The 1992 Local Government Act, which came into force on 1st April 1996, abolished both Cleveland County Council and the County of Cleveland. It created a new Unitary Council of Stockton on Tees, which included Yarm. But in addition to that new "Ceremonial" Counties were created which legally put Yarm in North Yorkshire for all cultural and ceremonial purposes.

This should be perfectly clear to people and there should be no question at all about Yarm being well and truly part of Yorkshire but there are two problems which muddy the waters and create confusion.

One is the Labour Councillors and activists who see being part of Yorkshire as handing control to "Tory North Yorkshire." They refuse to see it simply as a question of geography - Yorkshire is from the River Tees to the River Humber, from the Pennines to the sea.

The other is the local media who have their readership catchment area that crosses the Tees so they look for a name that lumps us all together and Teesside fits the bill. It is so easy to turn it into a is it Yorkshire is it Teesside debate. The difference is Teesside is not a county Yorkshire is, end of argument.

Yarm's referendum result can be the catalyst for the powers that be alongside the River Tees to accept that south of the Tees we are part of Yorkshire for all cultural, ceremonial and sporting purposes.

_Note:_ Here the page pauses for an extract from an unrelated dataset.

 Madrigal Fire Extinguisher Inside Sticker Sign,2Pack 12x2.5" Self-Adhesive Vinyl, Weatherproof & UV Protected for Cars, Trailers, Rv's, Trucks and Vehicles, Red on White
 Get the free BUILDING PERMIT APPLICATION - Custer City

It is perfectly legal and proper for the residents of Yarm, indeed all those living immediately south of the Tees, to use Yorkshire as part of their postal address; Councils can erect Yorkshire/Durham boundary signs on the bridges that cross the Tees; and mapmakers can include traditional county boundaries on maps along with local government areas and celebrate Yorkshire Day on 1st August. That is how you show your pride in Yorkshire. It is not about who controls the Council.